How can i remove a line only if it is followed by a line that starts with the same character?


I need some help with sed or awks.

How can i remove a line only if it is followed by a line that starts with the same character (in this case >)?

Example I have this:

>1_SRR1422294
ATCGTCAGGTAGGGTTGCGCTCGTTGCGGGACTTAACCCAACATCTCACGACACGAGCTGACGACAGCCATGCAT
>2_SRR1422294
CGTCAGACGTAGGGTTGCGCTCGTTGCGGGACTTAACCCAACATCTCACGACACGAGCTGACGACAGCCATGCAG
>5_SRR1422298
>5_SRR1422294
CGTCAGACGTAGGGTTGCGCTCGTTGCGGGACTTAACCCAACATCTCACGACACGAGCTGACGACAGCCATGCAG
>6_SRR1422294
>6_SRR1422250
TGTTCATGGTAGGGTTGCGCTCGTTGCGGGACTTAACCCACATCTCACGACACGAGCTGACGACAGCCATGCAGC
>9_SRR1422294
GCGACTAGGTAGGGTTGCGCTCGTTGCGGGACTTAACCCACATCTCACGACACGAGCTGACGACAGCCATGCAGC

I want to get this:

>1_SRR1422294
ATCGTCAGGTAGGGTTGCGCTCGTTGCGGGACTTAACCCAACATCTCACGACACGAGCTGACGACAGCCATGCAT
>2_SRR1422294
CGTCAGACGTAGGGTTGCGCTCGTTGCGGGACTTAACCCAACATCTCACGACACGAGCTGACGACAGCCATGCAG
>5_SRR1422294
CGTCAGACGTAGGGTTGCGCTCGTTGCGGGACTTAACCCAACATCTCACGACACGAGCTGACGACAGCCATGCAG
>6_SRR1422250
TGTTCATGGTAGGGTTGCGCTCGTTGCGGGACTTAACCCACATCTCACGACACGAGCTGACGACAGCCATGCAGC
>9_SRR1422294
GCGACTAGGTAGGGTTGCGCTCGTTGCGGGACTTAACCCACATCTCACGACACGAGCTGACGACAGCCATGCAGC

Note that not all the lines have the same numbers but they all have the same format, which is why I want to use regular expressions.

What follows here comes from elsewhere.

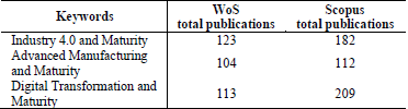 The WoS and Scopus platform provide the most cited keywords, within the set of analyzed papers, after inserting the terms Industry 4.0 and Maturity. As expected, the most frequent keyword is Industry 4.0 with 13 quotes in WoS and 14 quotes in Scopus. The keyword Maturity Model appears in sequence with 7 quotes in WoS and 13 quotes in Scopus. Other keywords cited are Digitization, Digital Transformation, Smart Factory, Internet of Things, and Learning Factory, among others.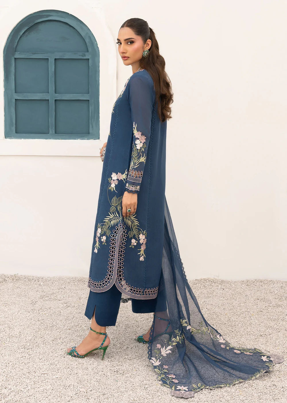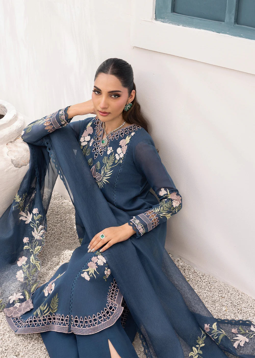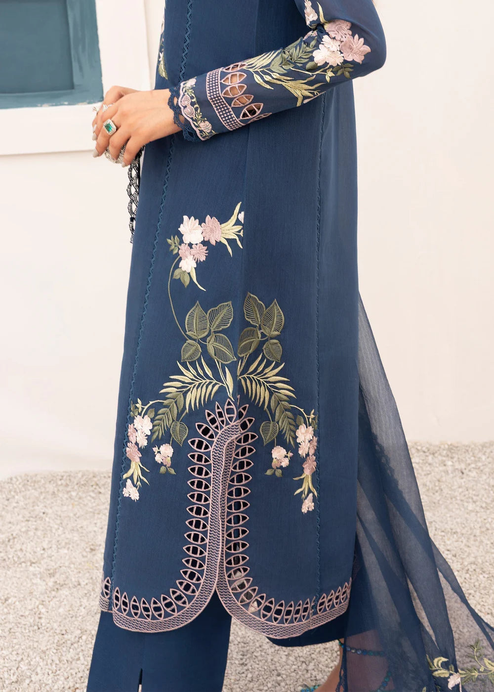 Additional Description: A Whisper of Midnight. A homage to midnight summer blooms. Set against an ink blue canvas on Khaadi cotton delicate florals in fine ghara embroidery and cutwork accents. Paired a cotton net dupatta edged in floral cut out vines, this ensemble speaks softly, yet powerfully. Crafted for the woman who leads with quiet grace and effortless beauty.

If you could explain how to read the code you produce that would be really great.

Thank you so much!


Solution

  • If the whole file follows that pattern (some number of lines starting with >, of which you want only the last, followed by a single line that should always be printed), you could use something like this:

    awk '/^>/ { latest=$0 } !/^>/ { if (latest) { print latest; latest="" } print }'
    

    If the line starts with >, then it is remembered (stored in the variable latest) but not printed. If the line doesn't start with >, then it is printed, but only after first printing whatever was most recently stored in latest.

    The conditional means each printed > line will appear only once, even if there are multiple non-> lines in a row. Since that doesn't happen in your sample data, you may not need the complication, and could use this simpler unconditional version:

    awk '/^>/ { latest=$0 } !/^>/ { print latest; print }'